Асфальтированные проезды, без тротуаров для пешеходов. Какие пешеходы в районе, где годовая арендная плата равна доходам американца среднего класса за несколько лет? На покупку такого дома не одному поколению пришлось бы работать всю жизнь. На здешнюю недвижимость особого спроса нет. Всюду висят таблички «Сдается», «Продается»…
Город на грани краха, его терзает отрицательный баланс: нет денег на транспорт, на коммунальные услуги, на полицию, чтобы обеспечить людям защиту. Все больше богатых селится вблизи метрополии или мигрирует вглубь континента.
– Не выходи в город по вечерам одна, всегда бери машину или такси и всегда носи при себе мелкие деньги, когда ходишь пешком. Если кто-нибудь станет требовать денег, отдавай беспрекословно, – учил меня Гермес, когда я только что приехала. Отсутствие пяти долларов может стоить жизни: удар ножом или бритвой…
Гермес опекал меня.
– Гая, ты куда? – остановил он меня, когда я хотела на минуту выскользнуть из зала, где мы устроили пресс-конференцию для журналистов накануне вернисажа. Паблисити здесь – это все!

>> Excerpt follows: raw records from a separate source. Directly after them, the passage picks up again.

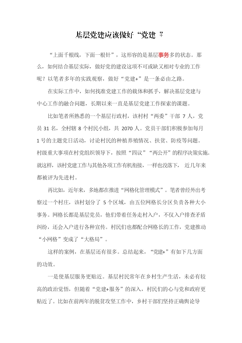 / 基层党建应该做好“党建”
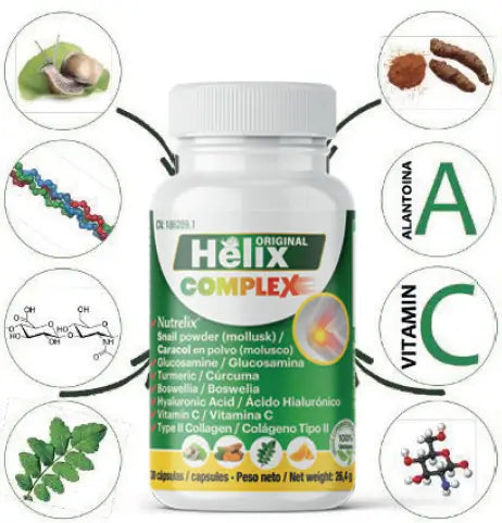 HÉLIX COMPLEX, le nutriment naturel révolutionnaire pour les articulations à base de Nutrelix®, extrait de protéines d’escargot avec de l’allantoïne.
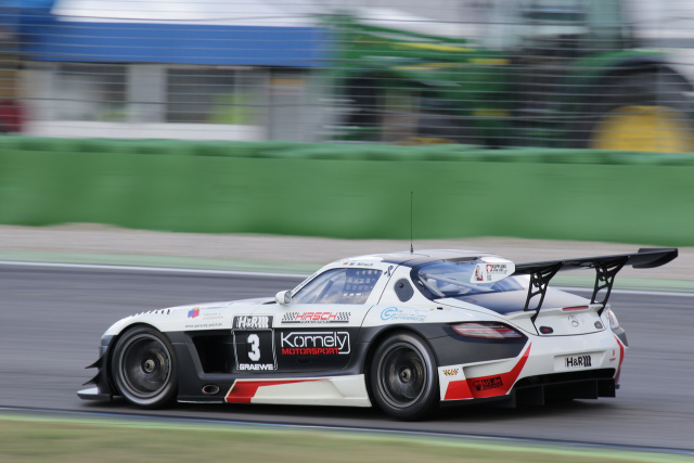 In Hockenheim, wo die STT Ende September wieder im Rahmen der ADAC GT Masters startete, setzte Kornely Motorsport erstmals den neuen Mercedes-AMG GT3 im Rennbetrieb ein. Dieser Einsatz war als Test unter Rennbedingunge gedacht. Prominenter Testpilot: Langstreckenspezialist Kenneth Heyer. Kenneth hat als Zakspeed-Pilot beim 24h-Rennen auf dem Nürburgring jede Menge Erfahrungen mit dem neuen GT3 gesammelt und konnte das Fahrzeug perfekt abstimmen. Bereits in den Qualifyings holte er sich jeweisl die Pole Position in seiner Klasse, gefolgt von Mario Hirsch im älteren SLS GT3.
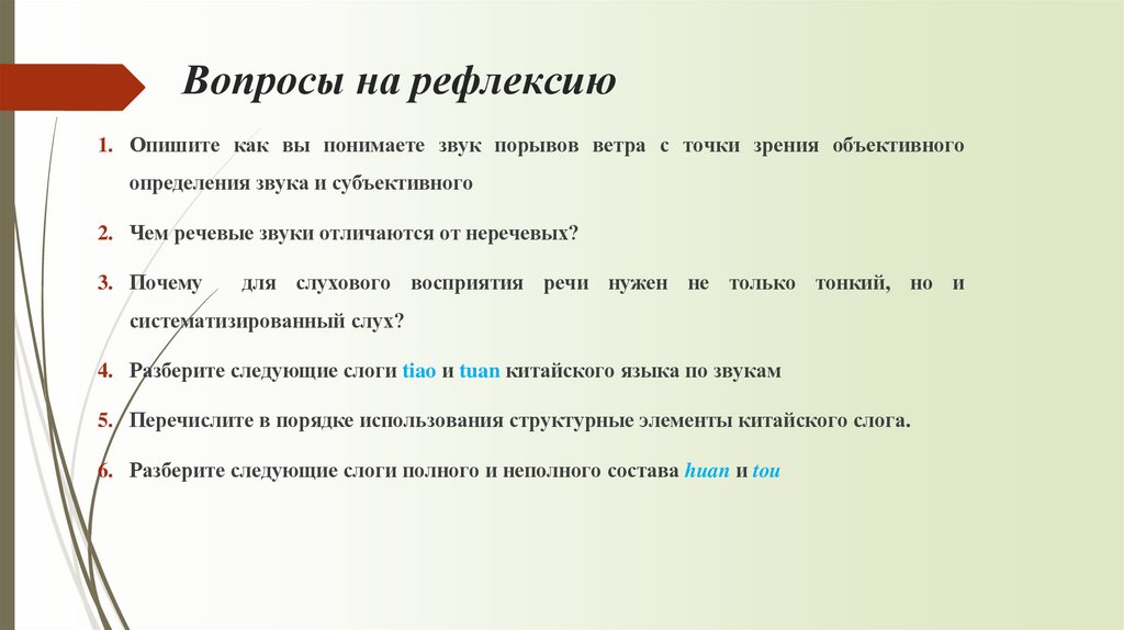 Вопросы на рефлексию1. Опишите как вы понимаете звук порывов ветра с точки зрения объективного

Когда-то, обреченная на одиночество, я очень тосковала по толпе, завидовала, что у других есть друзья, знакомые. С годами одиночество стало моей второй натурой. Конечно, есть люди, которых я очень люблю, но вот какой парадокс: после непродолжительного общения они начинают меня раздражать, а побыв с ними подольше, я прихожу в отчаяние даже от их безмолвного присутствия.
Я удрала от шума в тишину маленькой комнатушки декораторов, отделенной от выставочных залов перегородкой. Мурлыкал кондиционер, пахло пылью и краской. Родные запахи. Вокруг царил хорошо знакомый беспорядок, спутник всех искусств.
Стремянки, куски ненужных декораций, рулоны гофрированной бумаги, полотна, папье-маше, гора макулатуры.
И вдруг из кучи старых газет в меня выстрелила моя прежняя жизнь, призрак прошлого на обрывке брошенной газеты.
«УБИЙСТВО ДОКТОРА ОРЛАНО ХЭРРОКСА» – вопил крупный шрифт заголовка на странице без начала и конца, под фотографией мужчины с оторванной половиной лица.
Искалеченное лицо и черные буквы фамилии вызволили из памяти прошлое, похороненное так глубоко, словно и не было его. Они прорвали защитное беспамятство, задушили мукой и болью, перечеркнули двадцать последних лет.
Мое дитя родилось и покинуло мир в тот таинственный предутренний час, когда пульс жизни бьется слабее всего, когда чаще всего умирают больные старики и новорожденные.
– Девочка. Нам не удалось сохранить ей жизнь, – сообщил мне доктор Орлано Хэррокс.
В руках он держал крохотный жалобный полотняный сверточек.
Я поняла, что он говорит, но сквозь мягкий туман анестезии ни физическая, ни душевная боль до меня не доходили.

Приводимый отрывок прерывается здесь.